Other embodiments for heterodyne interferometric measurement of positions, position changes, rotation angles, speeds and other physical quantities derived therefrom are known, with the optical bypass being implementable using a bypass prism. With these methods and measuring devices, positions or path differences, as well as quantities derived therefrom, can be measured with high accuracy, for example, in the nm range. To modulate the laser, the signal of the injection current in these known methods and devices has a sinusoidal, triangular or sawtooth shape with a rising edge that is flat compared with the pulse period, since only such signal shapes are considered suitable for obtaining reliable measurement results. In these methods, the typical length of the optical bypass, for example, for a heterodyne frequency in the MHZ range as customarily used, is on the order of a few decimeters, for example, 40 cm. This relatively long optical bypass runs counter to the desired miniaturization of measurement systems. In addition, by increasing the length of the optical bypass, the contrast of the interference pattern to be evaluated, which is required for the evaluation and should be as high as possible, is diminished, as can be seen from the coherence function, which shows the drop in contrast with increasing length of the optical bypass AL in the form of an exponential function. In this case, evaluation is made difficult by back reflexes of the optical system onto the laser diode, which results in the otherwise single-mode operation of the laser becoming multimode with a peak-shaped coherence function being obtained and the exponential function being the envelope and dropping more steeply than in single-mode operation. In order to avoid back reflexes, an isolator, for example, must be located upstream from the laser, which results in further expenses.

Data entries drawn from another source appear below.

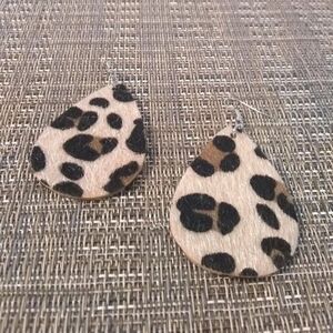 These earrings are made of leopard print faux leather, a material that has a soft fur texture and a wild and trendy pattern. The faux leather is cut into teardrop shapes that are flattering and versatile. The earrings have the same leopard print on both sides, so they look great from any angle. The earrings have a dangle of approximately 3 inches, making them bold and eye-catching. These earrings are a perfect way to spice up your outfit with some animal print flair.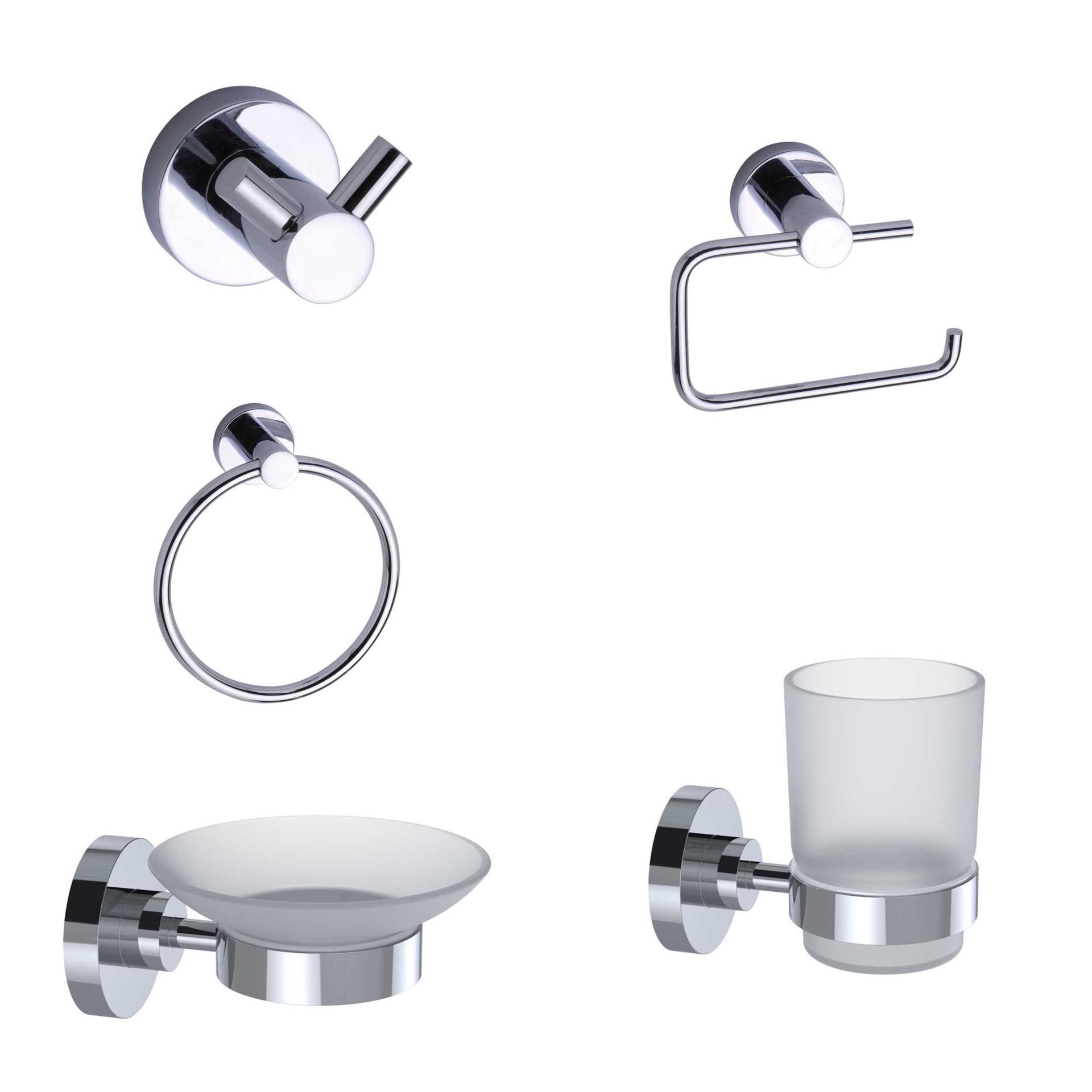 ARYA Accessories Set is a 5-piece bathroom accessories set are Soap Dish - Tumbler Holder - Toilet Paper Holder - Double Hook - Toilet Paper Holder - Round Towel Holder.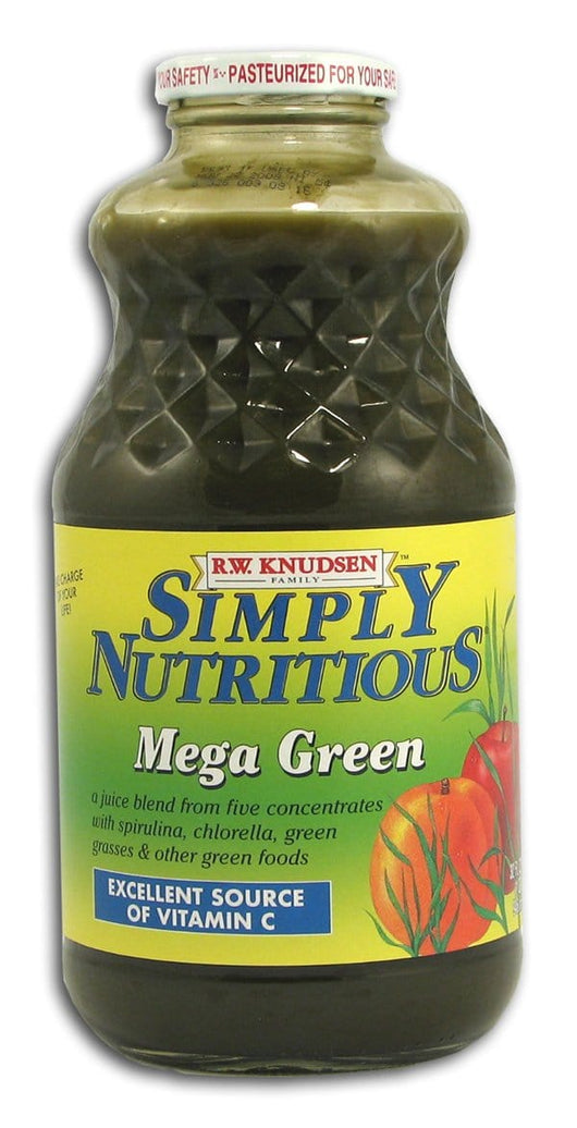 Mega Green. Blue green algae and other green foods have been nourishing the planet for thousands of years. Now Mega Green, from The R.W. Knudsen Family, blends several delicious fruit juices with the power of those green foods -- only the highest quality spirulina along with chlorella, barley and wheat grasses are included. The vitamin C helps maintain well-being for the body's immune system. Mega Green is just one of several Simply Nutritious juices that help you take charge of your life.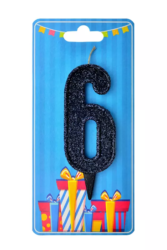 Свічка у формі цифри "6" відмінно підійде для декорування торта або інших десертів Свічку вироблено з якісного парафіну у формі цифри чорного кольору, посипана зверху чорним глітером середньої фракції Розміри: 9,5 см х 3,5 см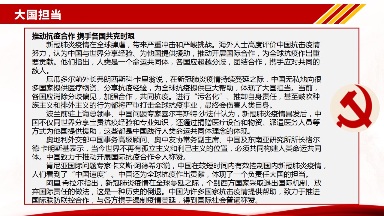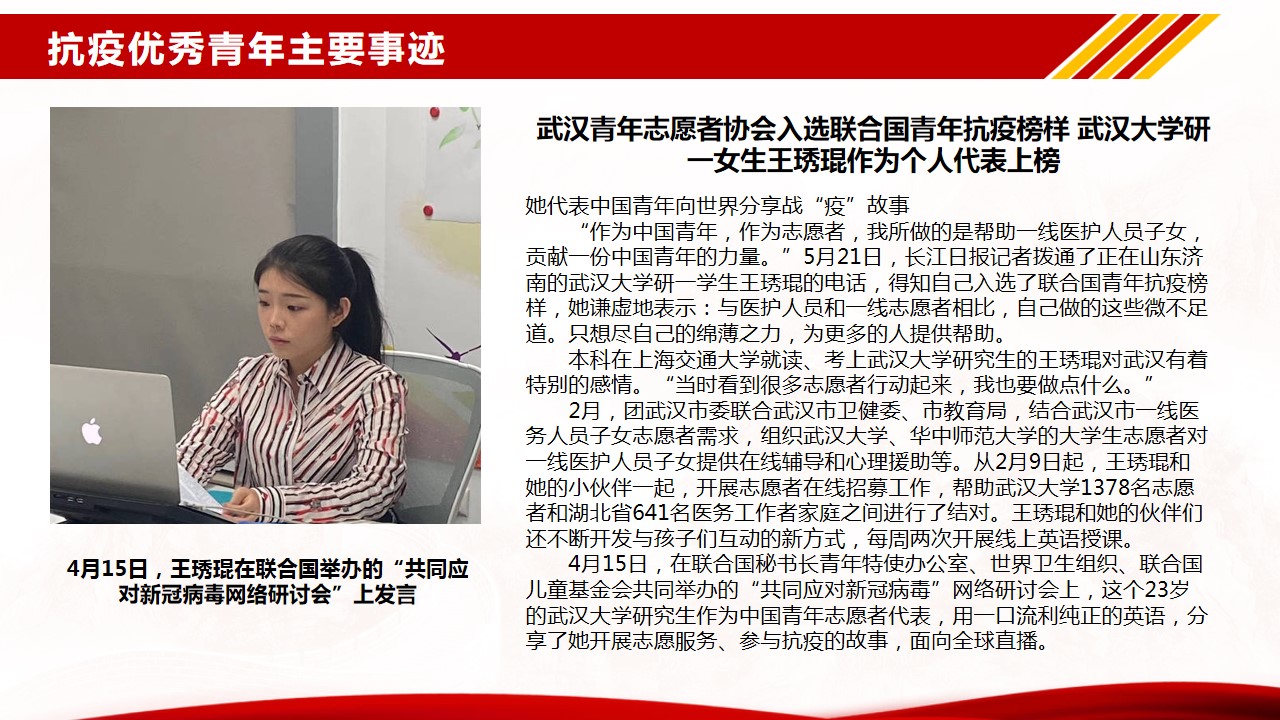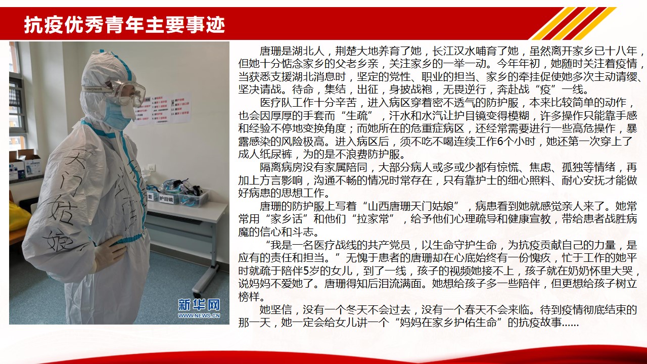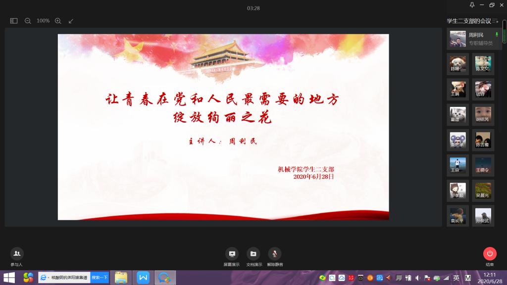 根据122cc太阳集成游戏开展基层党组织常态化疫情防控“四个一”行动和“党课开讲啦”的通知,结合122cc太阳集成游戏党总支的部署和要求,122cc太阳集成游戏学生二支部于6月28日通过企业微信在线方式开展了主题党课“让青春在党和人民最需要的地方绽放绚丽之花”。本次党课由支部书记周利民老师主讲,党课以疫情期间冲锋在前的几个典型的优秀青年鲜活的事例为序,带领支部党员再次把目光聚焦在疫情期间的志愿者身上,学习他们勇于担当、践行初心使命的精神。随后,结合《抗击新冠肺炎疫情的中国行动》白皮书,用一组组扎实的数据,带大家一起回顾了新冠肺炎疫情防控取得的显著成效。通过此次学习和总结,支部党员再次感受到了“中国力量”、“中国精神”、“中国社会主义制度的优越性”。抗击新冠肺炎疫情是一场大考,中国展现的出色的疫情防控能力,也为世界防疫树立了典范。

In another measurement method, i.e, a spectroscopic measurement of exhaled air, it is known from Lachish et al., “Tunable diode laser based spectroscopic system for ammonia detection in human respiration,” the Review of Scientific Instrument, Vol. 58, No. 6, June 1987, pp. 923-927, that a semiconductor laser can be controlled using a rectangular modulation current to detect a null signal during consecutive light pulses. The semiconductor laser is temperature stabilized in this method.
U.S. Pat. No. 4,765,738 proposes that, in order to measure the frequency response of an optical receiver system, a heterodyne frequency be generated using a laser diode and an optical bypass, with a rectangular modulation being performed, among other things, in order to control a semiconductor laser. Frequencies up to 10 GHz are to be measured with this method. An optical fiber length of 20 km is proposed.
SUMMARY OF THE INVENTION
The object of the present invention is to improve on the method so that the measurement results are improved with a simpler and miniaturized measuring system.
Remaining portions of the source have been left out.